Sheppard, speaking to CommonSpace, said: “I do generally support the BDS campaign. My concern is to try and give it some focus and select individual industries or products that we focus on.”
Sheppard gave two examples of this: “Concentrate on the arms trade with Israel. We sell a lot to them and they sell a lot of us. Also settler goods or goods from the occupied territories.”
“All of this is a means to apply pressure to the Israeli government to come back to the negotiating table and stop annexing the West Bank,” he added.
“We want to go out and engage with party members on a range of issues, including BDS, and have that conversation with them and potentially take it forward to conference.” Andy Murray, SNP Friends of Palestine
Over half of SNP MPs support the ‘Friends of Palestine’ group, which is consulting the wider party on supporting a BDS policy.
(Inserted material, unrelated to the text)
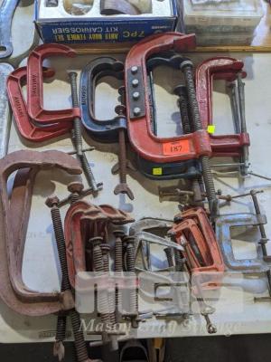 ASSORTED G-CLAMPS, 4 x 10", 2 X 8", 4 x 6", 6 x 4" & 6 x 3"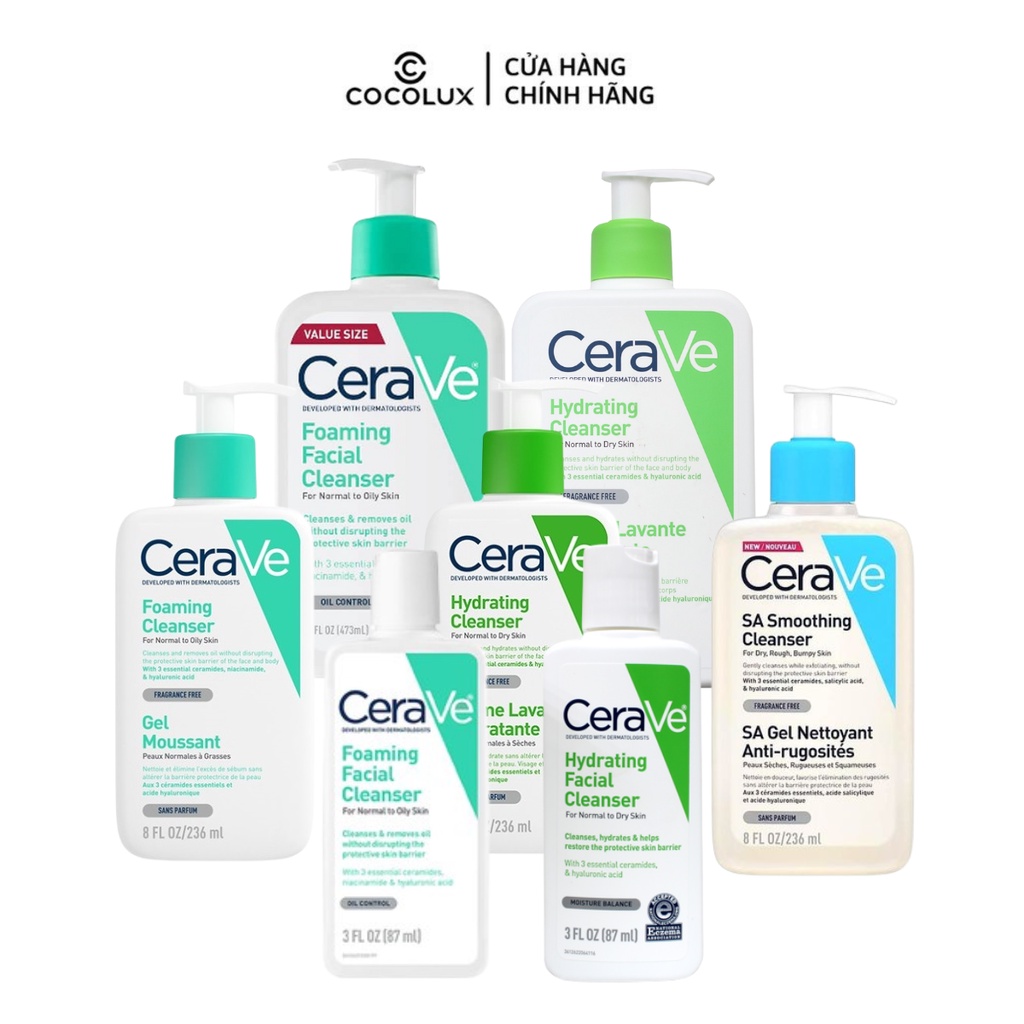 Sữa rửa mặt Cerave Foaming Cleanser, CeraVe Hydrating Cleanser, SA Cleanser 236ML Cho Mọi Loại Da

Andy Murray, convener of the group, said he supported a debate within the party on support for BDS: “As an organisation we want to take it out towards supporters and MPs. We want to go out and engage with party members on a range of issues, including BDS, and have that conversation with them and potentially take it forward to conference.”
Murray added that it was important to discuss effective actions rather than a blanket boycott as ‘Friends of Palestine’ work alongside “Jewish groups that are anti-occupation”, so it makes more sense to “start with goods from the illegal settlements” to “open a wider conversation”.
“I avoid them [goods from the occupied Palestinian territories] myself and I am relaxed if others do too.” Alyn Smith MEP
Under procurement rules, updated in 2014 , the Scottish Government already “strongly discourages trade and investment from illegal settlements” and states that “exploitation of assets in illegal settlement is likely to be regarded as ‘grave professional misconduct.'” This includes the occupied Palestinian territories.
At the SNP Conference in Aberdeen last October a fringe meeting expressed near unanimous support for the party adopting a ‘Boycott, Divestment, Sanctions’ policy towards the Israel-Palestine debate.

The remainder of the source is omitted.